■ TASK: All that is wanted is the exact lines from the first line of the data below through the line with "2. ABCD — прямокутник.", both ends included, with pictures omitted.

Collected data:
- Opening Delimiter -

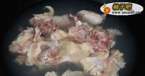2锅中添水,把鸡架放入水中焯一下水(冷水下锅)。
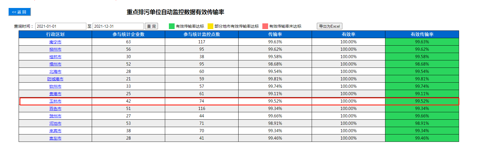 玉林市2021年污染源自动监控数据传输有效率
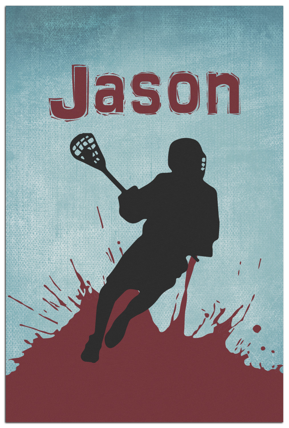 This design has a cool blue background with a literal splash of maroon. Your personalization goes above the lacrosse player silhouette. The movement in this design gives the perfect feeling for a sports design.
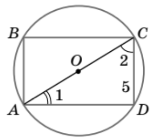 2. ABCD — прямокутник. \angle 2 - \angle 1 = 30^\circ, CD = 5. Знайдіть радіус R описаного кола.
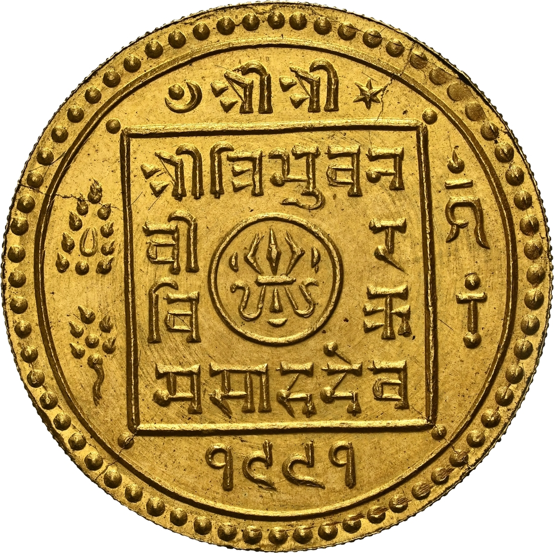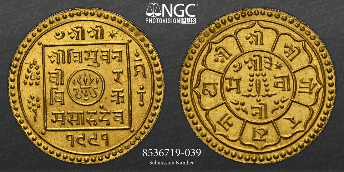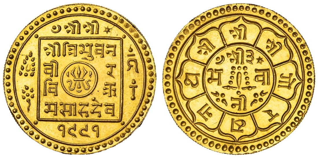 (g) NGC MS67 | Nepal, Tribhuvan Vira Vikrama Shah (1st reign, 1911-1955), gold Mohur, VS 1991 (1934), Obv. trident with ribbons within small central circle, legend around, Śrī Tribhuvana/Vīra/ Vikra/ma/Sāha Deva surrounded by square. Śrī Śrī with crescent and dot to left, and sun to right above square, date 1991 below square, cakra (disk) and lotus flower to left and conch shell and mace to right side of square, Rev. central circle with eight petals attached to it, in centre of circle sword with garland and legend Śrī 3 Bhavānī, moon to left and sun to right of Śrī 3, legend in eight petals Śrī Śrī Śrī Gorakhanātha, edge milled, 5.41g (KM 702), proof-like finish, uncirculated, in NGC holder, graded MS67 (Cert. #8536719-039)
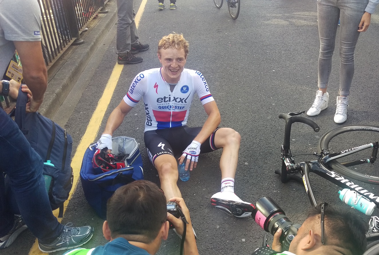 With Tinkoff-Saxo and Lotto-Soudal leading the chase, the 23-year-old seized his moment, holding on to win by seven seconds before collapsing, exhausted, metres after the line.
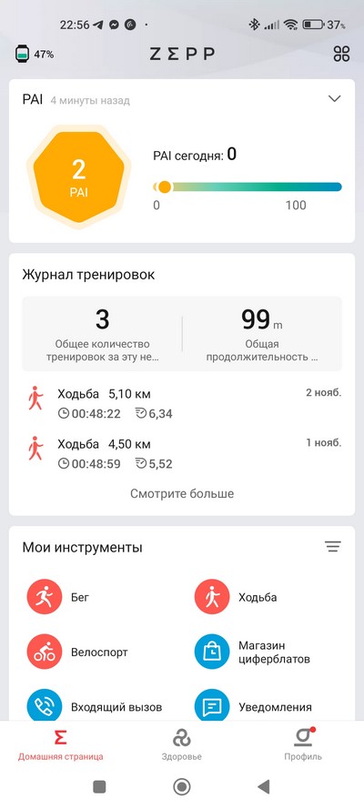 С точки зрения отслеживания активности тут все неплохо. Сон фиксирует четко, пульс отслеживает нормально (если рука не влажная), оксигенация крови - точно так же, как и все остальные часы (если нужно получить более или менее достоверные данные, то нужно четко выдерживать соответствующие требования по процедуре измерения). Тренировки отслеживаются терпимо: поездки на велосипеде - достаточно точно, практически совпадает с данными часов Garmin Venu 2, а вот пешие прогулки - были небольшие расхождения по дальности. Но с пульсом часы не лажали, показывали достаточно точно.
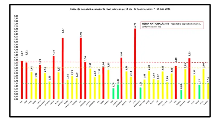 Până pe 14 aprilie 2021, pe teritoriul României, au fost confirmate 4.076 de noi cazuri de persoane infectate cu noul coronavirus COVID-19 din 26.409 teste RT-PCR și 10.797 teste rapide antigenice.
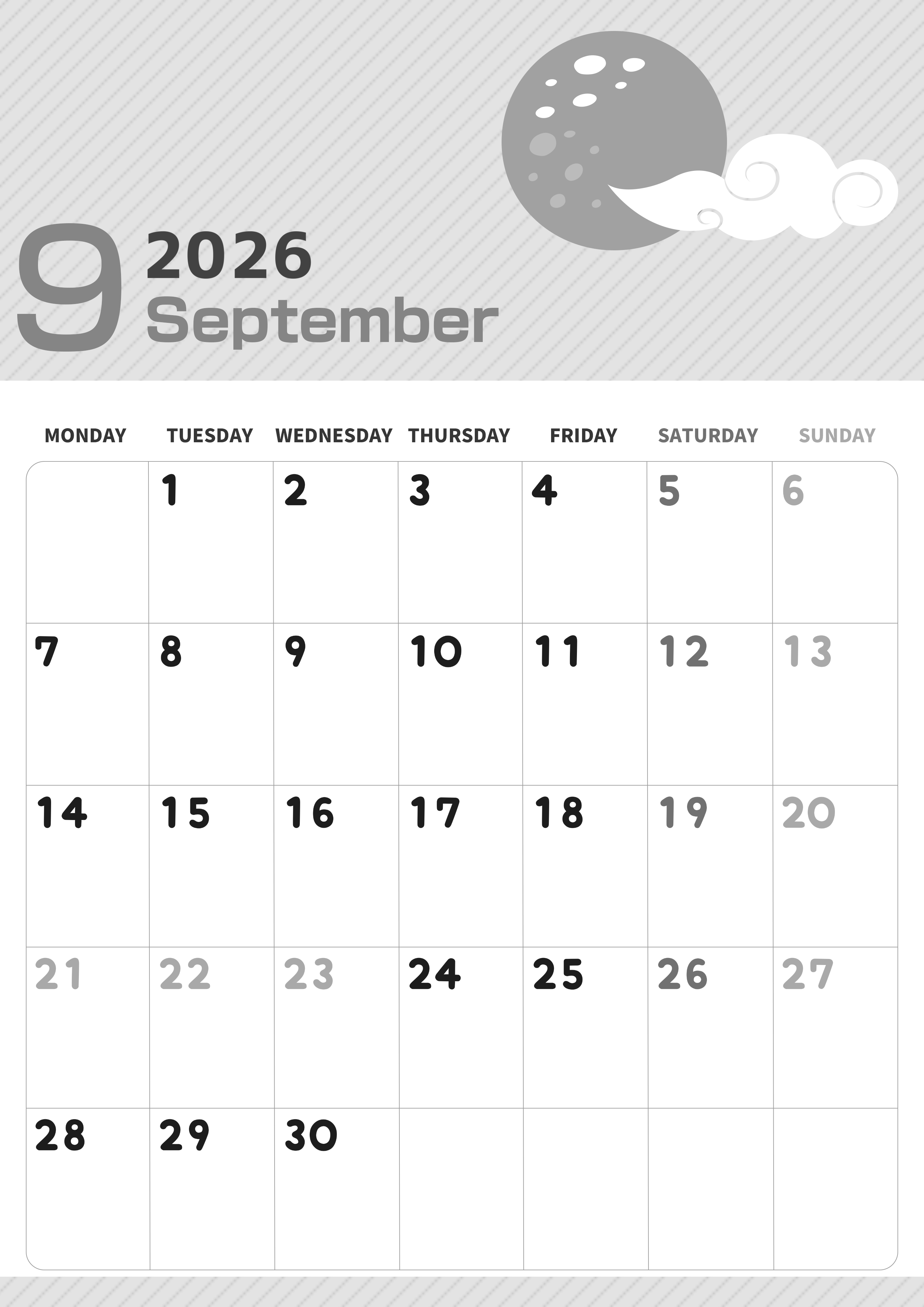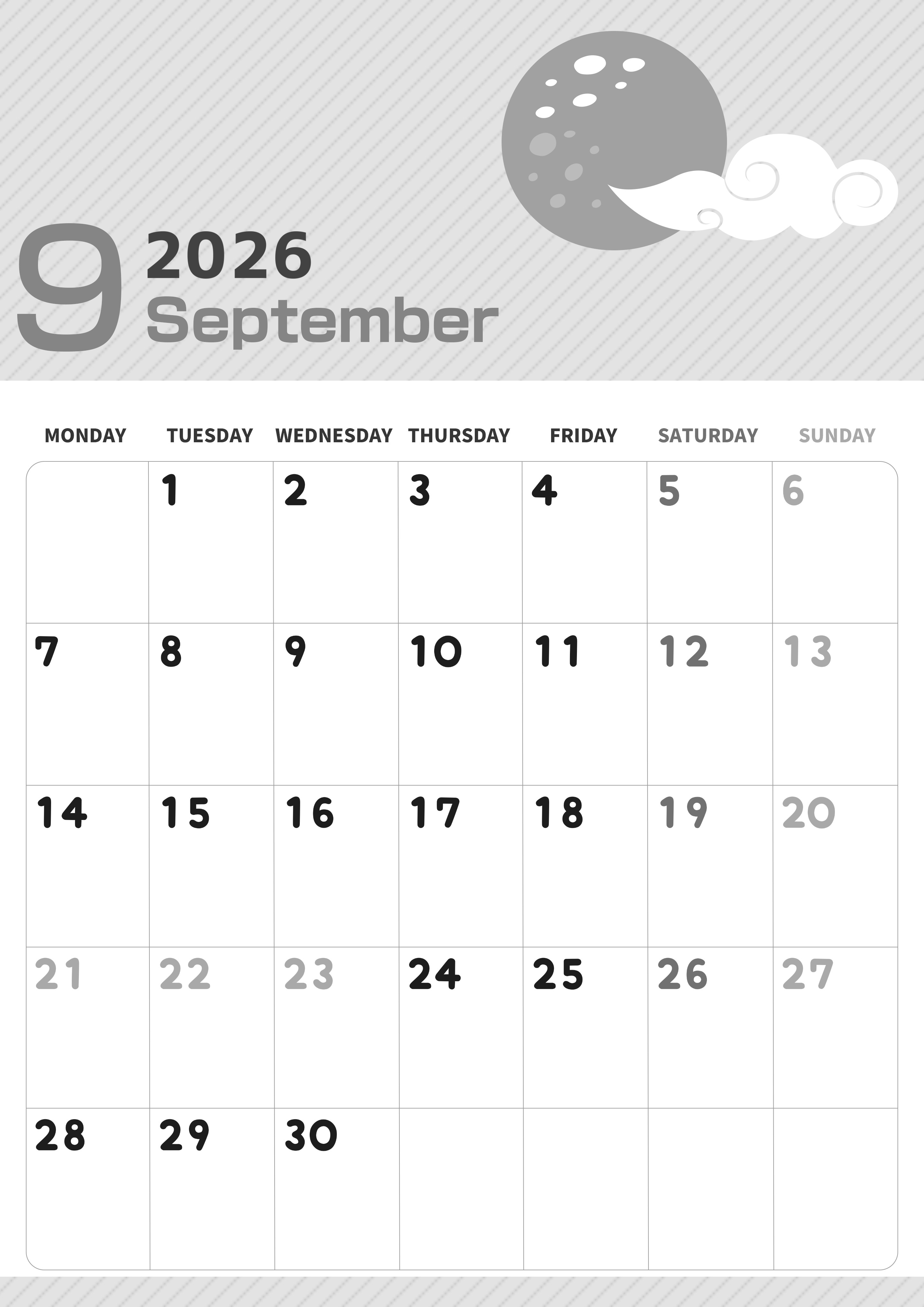 2026年9月縦型モノクロの月曜始まりの無料テンプレート白黒カレンダーです。満月のイラストがワンポイントです。かわいい要素が強すぎず月曜始まりで罫線もくっきりと引かれているので実用性が高い多忙な人向けとなっています。(2026-00350911)

- Closing Delimiter -

■ TASK OUTPUT:
2锅中添水,把鸡架放入水中焯一下水(冷水下锅)。
 玉林市2021年污染源自动监控数据传输有效率
 This design has a cool blue background with a literal splash of maroon. Your personalization goes above the lacrosse player silhouette. The movement in this design gives the perfect feeling for a sports design.
 2. ABCD — прямокутник. \angle 2 - \angle 1 = 30^\circ, CD = 5. Знайдіть радіус R описаного кола.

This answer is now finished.